Work request: Repeat the entries that follow verbatim, without any of their pictures.

Stored dataset items:
---

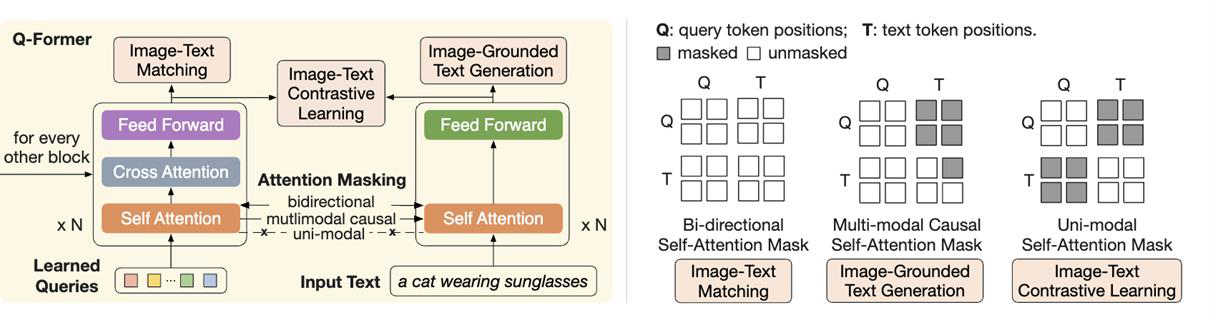 이 사진은 BLIP-2에서 나온 구조도인데, Q-Former 이해에 많은 도움을 준다. 정확히 Instruction과 Image feature가 언제 섞이는지에 대한 정보를 확인할 수 있다. 가장 왼쪽의 Image-Text Matching은 Bi-directional 과정으로, visual feature와 text token의 정보가 공유된다. Image-Grounded Text Generation은 text에 집중하지만, 이미지에 대한 정보도 어느 정도 있는 asymmetric masking을 사용한다. visual feature에 대한 정보가 text로 넘어올 수 있게 설계한 것이다. 마지막으로 Image-Text Contrastive Learning은 text는 text끼리, visual은 visual feature끼리만 self-attention을 진행한다. 이렇게 독립적인 feature를 얻고 contrastive learning을 진행하기 위함이다.
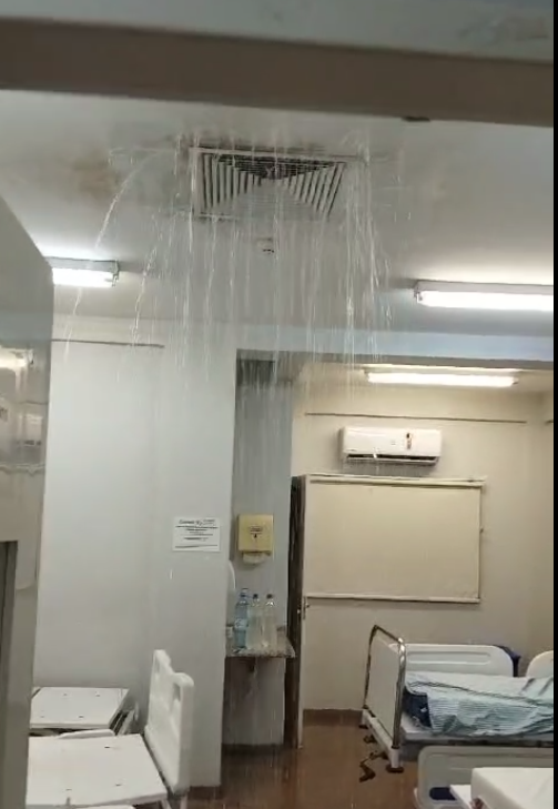 Rondoniaovivo, mostrando o momento em que a Ala 26 da maternidade é inundada por água que escorre do teto do prédio. Nos vídeos, é possível ver gestantes desocupando os quartos para se protegerem do aguaceiro.
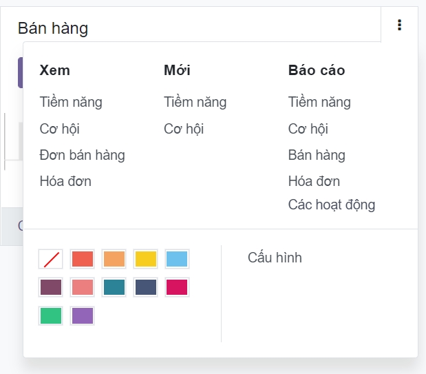 Nhấp vào ba dấu chấm ở góc của ô để mở menu điều hướng cho phép bạn xem nhanh các tài liệu hoặc báo cáo, tạo các trích dẫn hoặc cơ hội mới, chọn màu cho nhóm này hoặc truy cập trang cấu hình của nhóm.
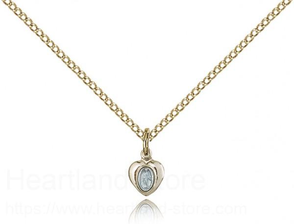 This Gold Plated Sterling Silver Miraculous Medal is paired with an 18" gold filled light curb chain as pictured. All medals are gift boxed in a light blue velvet gift box ready for gift giving.
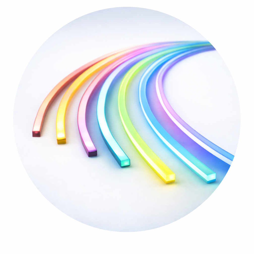 Der digitale LED Streifen 5050-60-UCS2904B ist ein hochwertiger adressierbarer RGBW-LED-Strip für professionelle und kreative Lichtinstallationen im Innenbereich. Durch die Kombination aus RGB-Farben und neutralweißem Licht (4000 K) eignet er sich sowohl für dekorative Effekte als auch für funktionale Beleuchtungsaufgaben. Der LED-Streifen arbeitet mit DC 24 V und ist mit dem UCS2904B-Controller-IC ausgestattet, der eine digitale, pixelweise Ansteuerung ermöglicht. Mit 60 LEDs pro Meter und 10 Pixeln pro Meter lassen sich gleichmäßige Farbverläufe, Animationen und dynamische Lichteffekte realisieren – ideal für längere Strecken mit reduziertem Spannungsabfall. Das neutralweiße Licht mit 4000 K sorgt für eine klare, sachliche Ausleuchtung und ergänzt die RGB-Farben optimal. Der Streifen ist auf einem weißen Leiterplattenmaterial (PCB) mit 10 mm Breite aufgebaut und verfügt über die Schutzart IP20, wodurch er für trockene Innenräume vorgesehen ist. Technische Highlights: Produkttyp: Digitaler LED-Streifen LED-Typ: SMD 5050 LED-Dichte: 60 LEDs pro Meter Pixelauflösung: 10 Pixel pro Meter Controller-IC: UCS2904B Lichtfarbe: RGBW + Neutralweiß Farbtemperatur Weiß: 4000 K Betriebsspannung: DC 24 V Schutzart: IP20 (Innenbereich) Leiterplattenfarbe: weiß Leiterplattenbreite: 10 mm Ansteuerung: digital / adressierbar Einsatzbereiche: Ambientbeleuchtung, Akzentbeleuchtung, Möbel-, Büro- und Objektbeleuchtung Der digitale RGBW LED Streifen 5050-60-UCS2904B mit 24 V und 4000 K überzeugt durch präzise Pixelsteuerung, hohe Lichtqualität und professionelle Auslegung – ideal für anspruchsvolle LED-Lichtprojekte im Innenbereich.
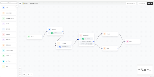 自然言語での指示やドラッグ&ドロップ操作のみで、業務ワークフローを構築することができます。
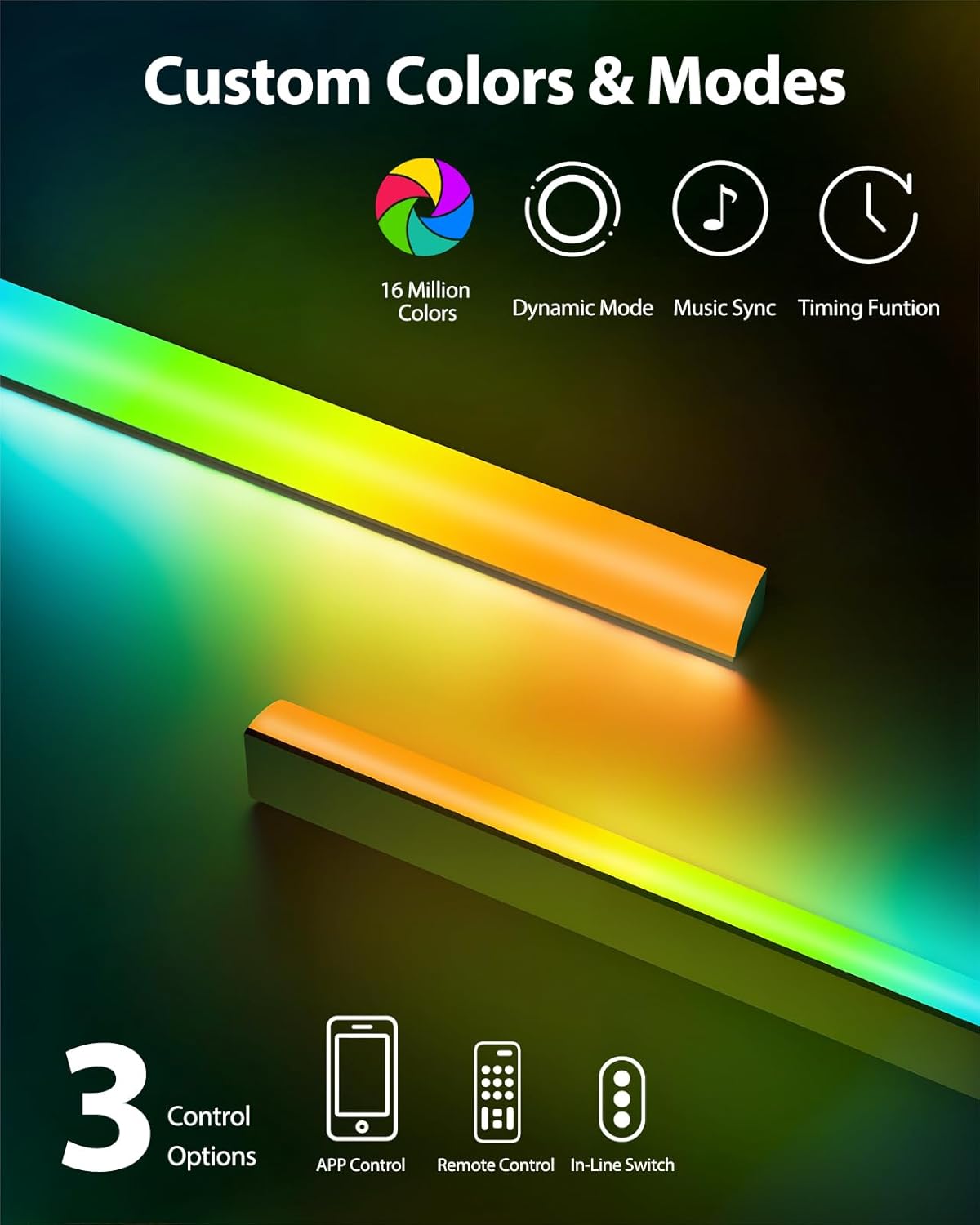 •  Integrated Rhythm Light: This Wall Mount TV Bracket features DIY music rhythm light with three ways to operate including a mobile app, remote control, and in-line switch. Customize using 16 million colors, brightness, speed, modes, and a timer function. Music sync changes LED light color to match the rhythm of your music.
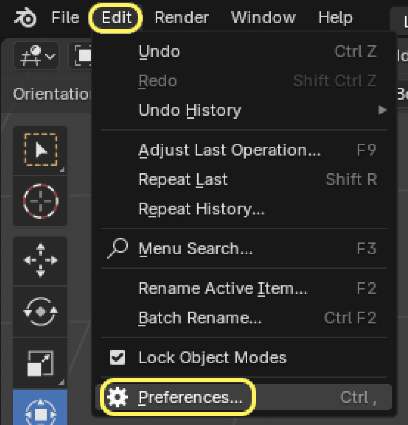 Edit→Preferencesを選びます。
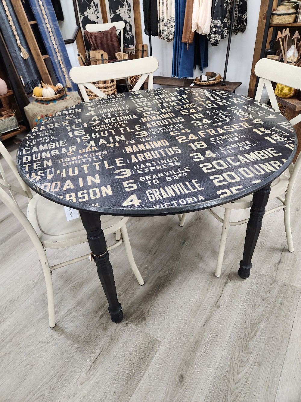 Handcrafted Dining Table, Subway Series design. This One-of-a-Kind table features solid wood construction and a uniquely finished top. Protected with polyurethane and a hard wax oil.
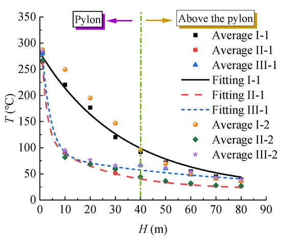 Under the same height condition, ignoring the difference in inclination angle, the SP and MP are only different in size. Scenarios I-2, II-2, and III-2 of the MP column are established to verify the effectiveness of Equation (2). Then, the calculated temperature values are basically similar to those in Scenario I-1 of SP, as shown in Figure 7. The results are consistent with the trend of negative exponential decline and highly resemble the fitted curve. Consequently, the fire temperature distribution of the MP and SP can be considered consistent, thus simplifying the temperature load boundary.
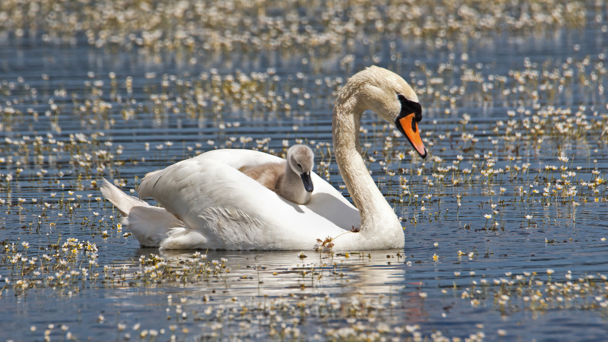 Beskrivelse: Et par Knopsvaner med fire unger kom vraltene over engen samtidigt med at en flok køer nærmede sig. Da køerne kom tæt på, gik Svaneparret i forsvars position, og pustede sig op, for at forsvare ungerne - det viste sig at blive skæbnesvangert !
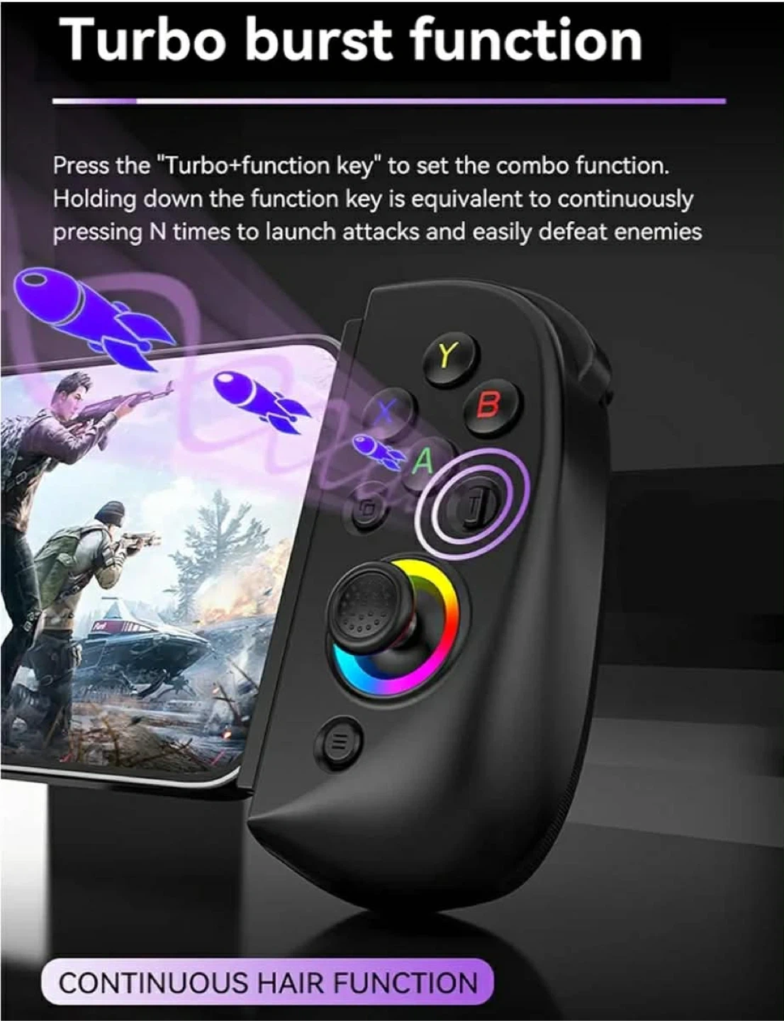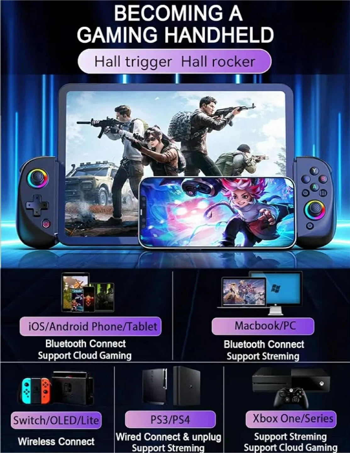 This is the BSH D8 wireless controller for mobile devices. It features RGB ring lights with multiple modes, including light off, monochromatic, and colorful. This controller supports iOS/Android phones and tablets, MacBooks, PCs, and is also compatible with Switch/OLED/Lite, PS3/PS4, and Xbox One/Series. It connects via Bluetooth for most devices and wired for PS3/PS4. The controller has a turbo burst function and can be used as a handheld gaming device.
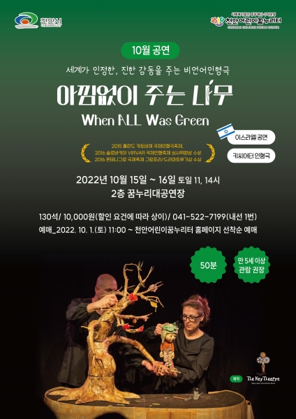 이스라엘 키씨어터 팀이 올해 처음으로 국내에서 진행하는 이번 공연은 모든 것을 줘도 아깝지 않은 나무와 소년의 은유된 사랑 이야기를 어린이 눈높이에 맞춰 말이 없이 인형으로 메시지를 전달한다.
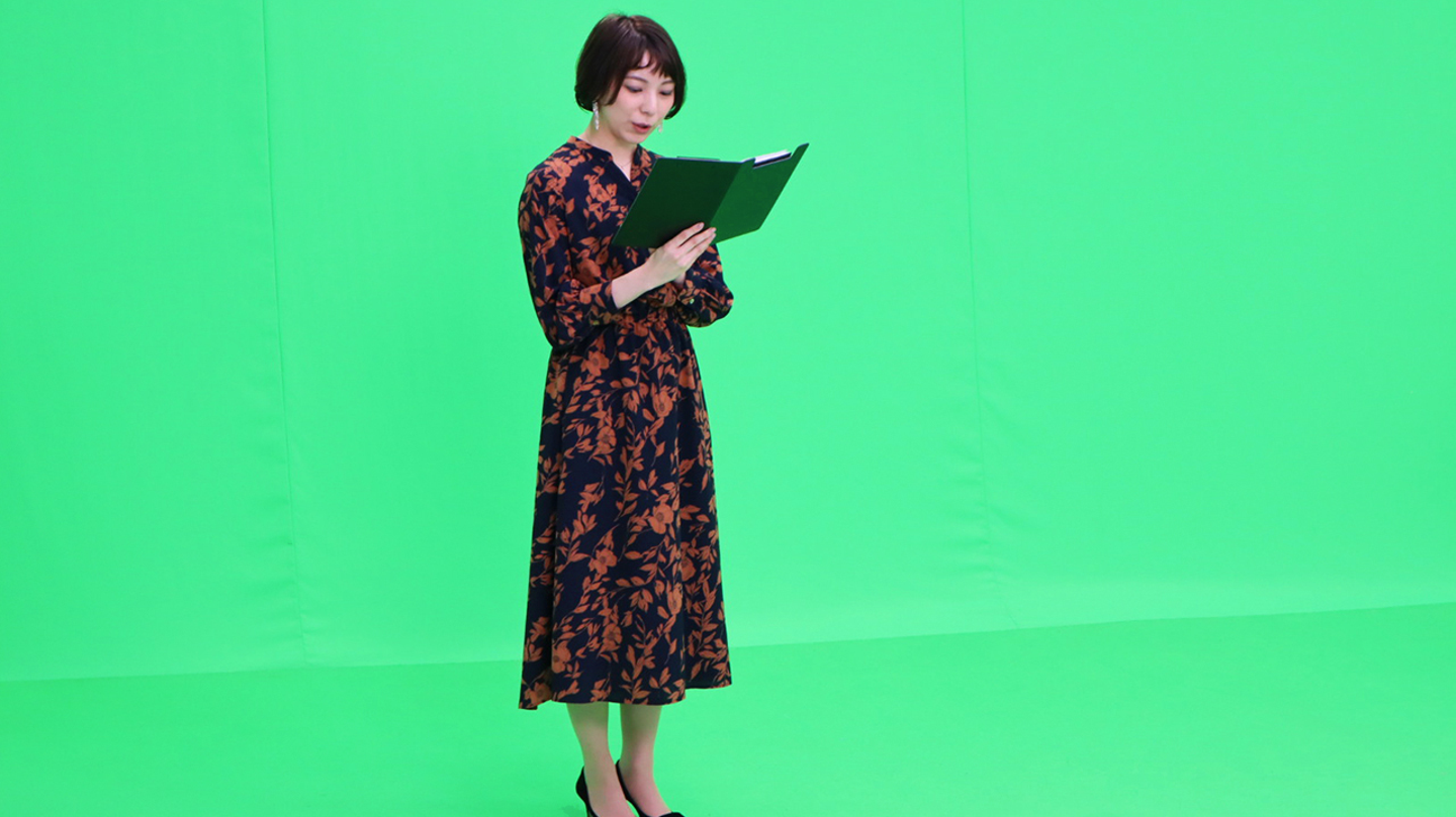 撮影の裏側。グリーンバックを背景に司会を担当いただいたのはライフスタイル営業部営業企画Gの羽賀麻由佳さん。ありがとうございました!

---

Exercise answer:
 이 사진은 BLIP-2에서 나온 구조도인데, Q-Former 이해에 많은 도움을 준다. 정확히 Instruction과 Image feature가 언제 섞이는지에 대한 정보를 확인할 수 있다. 가장 왼쪽의 Image-Text Matching은 Bi-directional 과정으로, visual feature와 text token의 정보가 공유된다. Image-Grounded Text Generation은 text에 집중하지만, 이미지에 대한 정보도 어느 정도 있는 asymmetric masking을 사용한다. visual feature에 대한 정보가 text로 넘어올 수 있게 설계한 것이다. 마지막으로 Image-Text Contrastive Learning은 text는 text끼리, visual은 visual feature끼리만 self-attention을 진행한다. 이렇게 독립적인 feature를 얻고 contrastive learning을 진행하기 위함이다.
 Rondoniaovivo, mostrando o momento em que a Ala 26 da maternidade é inundada por água que escorre do teto do prédio. Nos vídeos, é possível ver gestantes desocupando os quartos para se protegerem do aguaceiro.
 Nhấp vào ba dấu chấm ở góc của ô để mở menu điều hướng cho phép bạn xem nhanh các tài liệu hoặc báo cáo, tạo các trích dẫn hoặc cơ hội mới, chọn màu cho nhóm này hoặc truy cập trang cấu hình của nhóm.
 This Gold Plated Sterling Silver Miraculous Medal is paired with an 18" gold filled light curb chain as pictured. All medals are gift boxed in a light blue velvet gift box ready for gift giving.
 Der digitale LED Streifen 5050-60-UCS2904B ist ein hochwertiger adressierbarer RGBW-LED-Strip für professionelle und kreative Lichtinstallationen im Innenbereich. Durch die Kombination aus RGB-Farben und neutralweißem Licht (4000 K) eignet er sich sowohl für dekorative Effekte als auch für funktionale Beleuchtungsaufgaben. Der LED-Streifen arbeitet mit DC 24 V und ist mit dem UCS2904B-Controller-IC ausgestattet, der eine digitale, pixelweise Ansteuerung ermöglicht. Mit 60 LEDs pro Meter und 10 Pixeln pro Meter lassen sich gleichmäßige Farbverläufe, Animationen und dynamische Lichteffekte realisieren – ideal für längere Strecken mit reduziertem Spannungsabfall. Das neutralweiße Licht mit 4000 K sorgt für eine klare, sachliche Ausleuchtung und ergänzt die RGB-Farben optimal. Der Streifen ist auf einem weißen Leiterplattenmaterial (PCB) mit 10 mm Breite aufgebaut und verfügt über die Schutzart IP20, wodurch er für trockene Innenräume vorgesehen ist. Technische Highlights: Produkttyp: Digitaler LED-Streifen LED-Typ: SMD 5050 LED-Dichte: 60 LEDs pro Meter Pixelauflösung: 10 Pixel pro Meter Controller-IC: UCS2904B Lichtfarbe: RGBW + Neutralweiß Farbtemperatur Weiß: 4000 K Betriebsspannung: DC 24 V Schutzart: IP20 (Innenbereich) Leiterplattenfarbe: weiß Leiterplattenbreite: 10 mm Ansteuerung: digital / adressierbar Einsatzbereiche: Ambientbeleuchtung, Akzentbeleuchtung, Möbel-, Büro- und Objektbeleuchtung Der digitale RGBW LED Streifen 5050-60-UCS2904B mit 24 V und 4000 K überzeugt durch präzise Pixelsteuerung, hohe Lichtqualität und professionelle Auslegung – ideal für anspruchsvolle LED-Lichtprojekte im Innenbereich.
 自然言語での指示やドラッグ&ドロップ操作のみで、業務ワークフローを構築することができます。
 •  Integrated Rhythm Light: This Wall Mount TV Bracket features DIY music rhythm light with three ways to operate including a mobile app, remote control, and in-line switch. Customize using 16 million colors, brightness, speed, modes, and a timer function. Music sync changes LED light color to match the rhythm of your music.
 Edit→Preferencesを選びます。
 Handcrafted Dining Table, Subway Series design. This One-of-a-Kind table features solid wood construction and a uniquely finished top. Protected with polyurethane and a hard wax oil.
 Under the same height condition, ignoring the difference in inclination angle, the SP and MP are only different in size. Scenarios I-2, II-2, and III-2 of the MP column are established to verify the effectiveness of Equation (2). Then, the calculated temperature values are basically similar to those in Scenario I-1 of SP, as shown in Figure 7. The results are consistent with the trend of negative exponential decline and highly resemble the fitted curve. Consequently, the fire temperature distribution of the MP and SP can be considered consistent, thus simplifying the temperature load boundary.
 Beskrivelse: Et par Knopsvaner med fire unger kom vraltene over engen samtidigt med at en flok køer nærmede sig. Da køerne kom tæt på, gik Svaneparret i forsvars position, og pustede sig op, for at forsvare ungerne - det viste sig at blive skæbnesvangert !
 This is the BSH D8 wireless controller for mobile devices. It features RGB ring lights with multiple modes, including light off, monochromatic, and colorful. This controller supports iOS/Android phones and tablets, MacBooks, PCs, and is also compatible with Switch/OLED/Lite, PS3/PS4, and Xbox One/Series. It connects via Bluetooth for most devices and wired for PS3/PS4. The controller has a turbo burst function and can be used as a handheld gaming device.
 이스라엘 키씨어터 팀이 올해 처음으로 국내에서 진행하는 이번 공연은 모든 것을 줘도 아깝지 않은 나무와 소년의 은유된 사랑 이야기를 어린이 눈높이에 맞춰 말이 없이 인형으로 메시지를 전달한다.
 撮影の裏側。グリーンバックを背景に司会を担当いただいたのはライフスタイル営業部営業企画Gの羽賀麻由佳さん。ありがとうございました!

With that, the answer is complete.